Current status: Throws UnsupportedOperationException

Task 3: Implement Pre-Analysis Logic (Required)

File: src/PreAnalysis.java - Class StudentPreAnalysis

Implement the chooseAlgorithm() method to analyze the text and pattern, then choose the best algorithm.

Goal: Maximize the number of times you choose the fastest algorithm!

Considerations:

Pattern length
Text length
Pattern characteristics (repeating characters, etc.)
Alphabet size
Algorithm time complexities

Current status: Returns null (no algorithm selection)
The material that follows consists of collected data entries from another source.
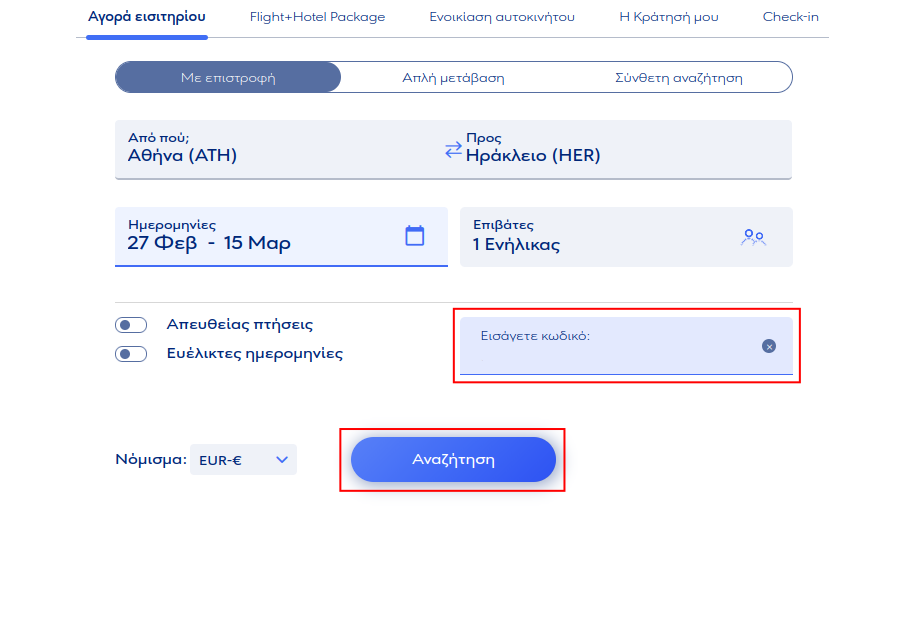 - Τέλος εισάγουμε τον εκπτωτικό κωδικό (προτείνεται αντιγραφή/επικόλληση) και πατάμε το κουμπι Αναζήτηση. Αν δεν υπάρξει κάποιο πρόβλημα η διαδικασία συνεχίζεται στα επόμενα στάδια της κράτησης μας.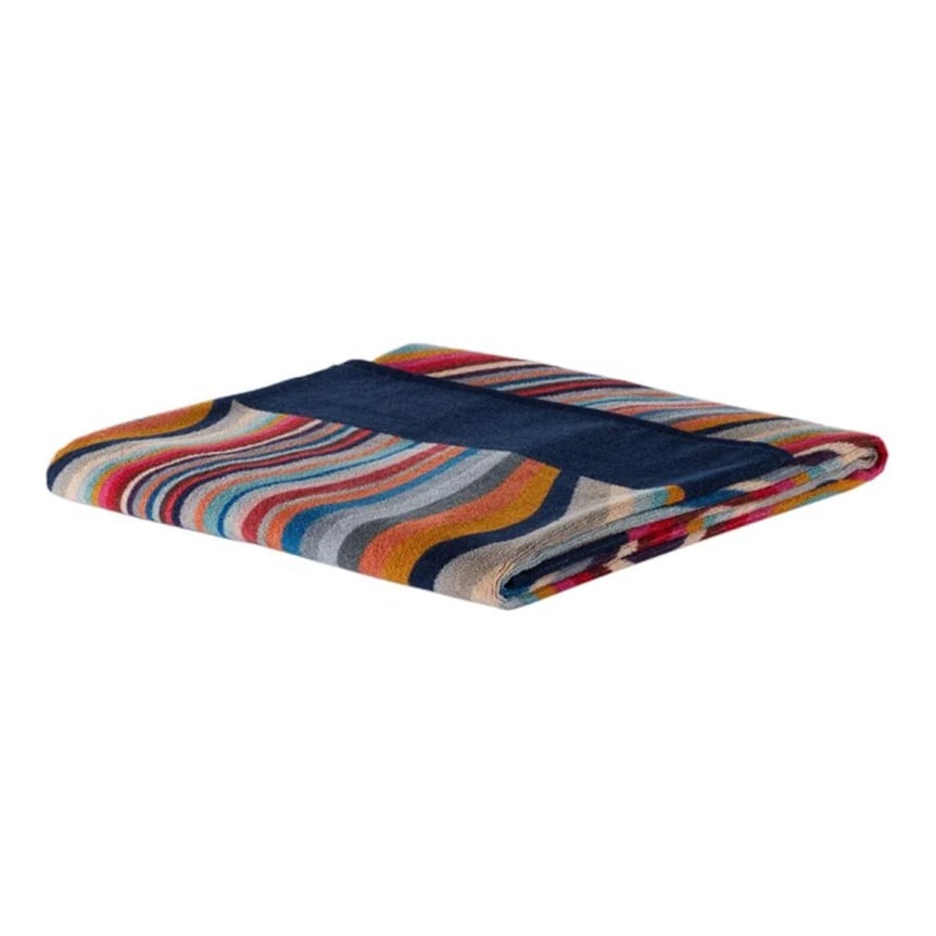 「ポール?スミス(Paul Smith)」のシグネチャーともなっている、マルチカラーラインが目を引くビーチタオル。体をすっぽりと覆う160x80cmの大判かつ落ち着いたカラーなので、年代や性別問わず長く愛用できる一枚です。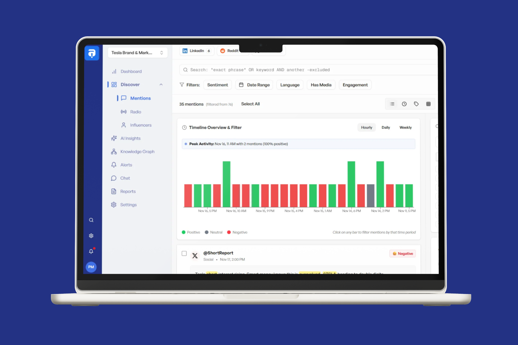 Regulatory intelligence, early warning systems, and sentiment analysis across radio, social, and news. Built for regulators and public sector organizations. 50+ languages. Secure, compliant infrastructure.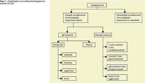 Samtidig er de forskellige sygdomme blevet reklassificerede som allergiske eller ikkeallergiske afhængig af sandsynliggørelse af involvering af immunsystemet og yderligere underklassificeret i de hyppige IgE-medierede reaktioner og de mere sjældne, som har andre tilgrundliggende, immunologiske mekanismer (Figur 1 ). F.eks. vil astma nu underinddeles i ikkeallergisk astma og allergisk astma, hvor sidstnævnte yderligere subklassificeres som IgE-medieret astma eller ikke-IgE-medieret allergisk astma [3].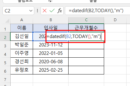 C2셀에 커서를 놓고 경과된 기간을 구하는 비공식 함수인 '=DATEDIF' 입력합니다.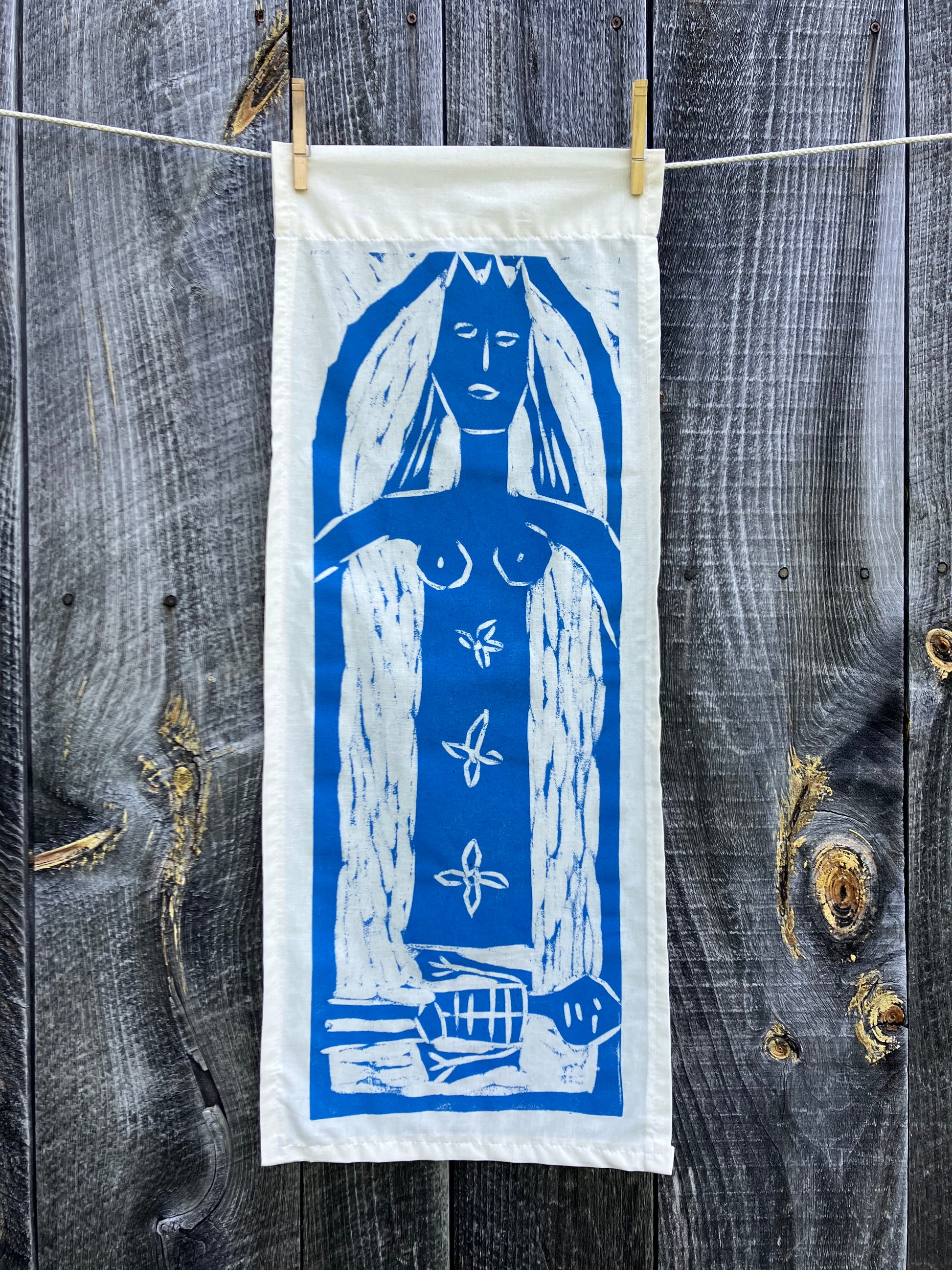 Banners are hand printed from Peter Schumann’s masonite cuts and are painted and sewn-by-hand in our print shop, in Glover, Vermont. Banners are made with printing ink on unbleached cotton, unless otherwise stated.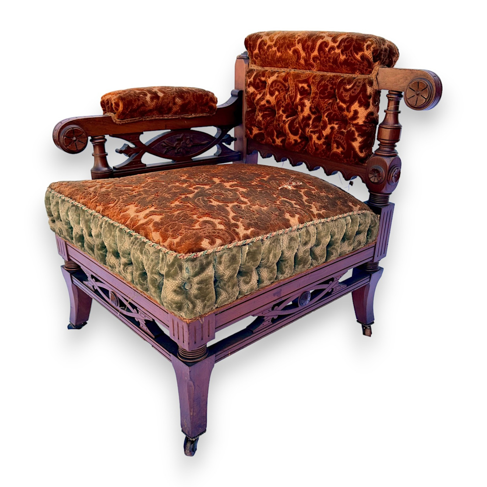 Antique Victorian Eastlake Bustle Chair w/Damask Upholstery Floral detail carved into wood portions. Measures: 26"W x 27"D x 31"T x 17" seat height 3 inch tear on seat top upholstery Wear from use and age on the wood around the feet and base.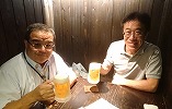 私(堀部・左)と早苗さんと夕食・・・いま書いている原稿の打合せ。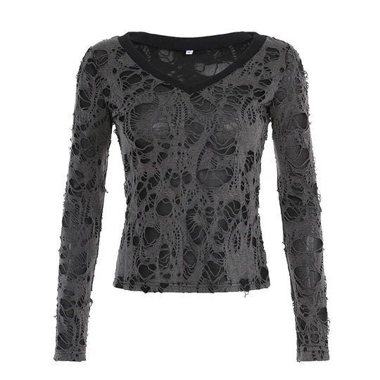 T-shirt Shoulder Personality Slim Fit Hot Girl Long Sleeve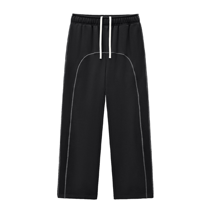 Phantom Core Black Tracksuit Contrast-Stitched Fleece Sweatpants Streetwear Y2K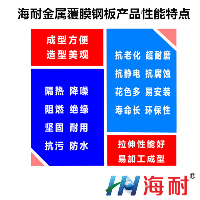 海耐金屬覆膜鋼板是在金屬基材上面覆了一層膜。用高光膜或幻彩膜、耐候膜、隔熱膜。經高分子膠膜熱壓覆合而成。金屬覆膜板光澤鮮艷,可挑選花色品種多,防水、防火,具有優良的耐久性(耐候性、耐蝕性、耐化學性)和抗污能力,防紫外線性能優越。海耐金屬覆膜鋼板(咨詢:0510-83326008)的材質和厚度也不同。高分子納米覆膜是一種新式覆膜工藝,一層膜一層金屬板經過高溫高壓壓合而成。

Already Implemented Algorithms

The following algorithms are already implemented for reference:

Naive Algorithm - Simple brute force approach
- Time Complexity: O(n*m)
- Good for: Short patterns, small texts
KMP (Knuth-Morris-Pratt) - Uses failure function
- Time Complexity: O(n+m)
- Good for: Patterns with repeating prefixes
Rabin-Karp - Uses rolling hash
- Time Complexity: O(n+m) average, O(n*m) worst case
- Good for: Multiple pattern matching, long patterns

How to Run

Quick Start:

# Run all tests with full comparison tables
./run.sh

# Or use test.sh directly
./test.sh

Run Specific Tests:

# Run specific test indices
./test.sh 0 1 2

# Run a range of tests
./test.sh 0-5

# Run only shared tests (for students)
./test.sh share

# Run only hidden tests (for grading)
./test.sh hidden

# List all available tests
./test.sh list

# Run with pre-analysis comparison
./test.sh preanalysis

Manual Compilation and Run:

# Compile all files
javac src/*.java

# Run from src directory
cd src
java ManualTest [arguments]

Output

The program generates multiple comparison tables:

Table 1: Detailed Test Results - Execution Time Comparison

Shows execution time for each algorithm on each test:

Test Case - Name of the test
Algorithm columns - Status and execution time in microseconds (μs)
✓ PASS - Algorithm solved the test correctly
✗ FAIL - Algorithm produced incorrect output
✗ ERROR - Algorithm threw an exception
N/A - Algorithm not implemented

Table 2: Summary Statistics

Shows aggregate statistics for each algorithm:

Passed/Failed - Number of tests passed and failed
Not Implemented - Number of tests where algorithm is not implemented
Avg/Min/Max - Average, minimum, and maximum execution times

Table 3: Fastest Algorithm Comparison

Shows which algorithm was fastest for each test case

Table 4: Algorithm Comparison Table

Shows which algorithms successfully solved each test case (Pass/Fail/N/A)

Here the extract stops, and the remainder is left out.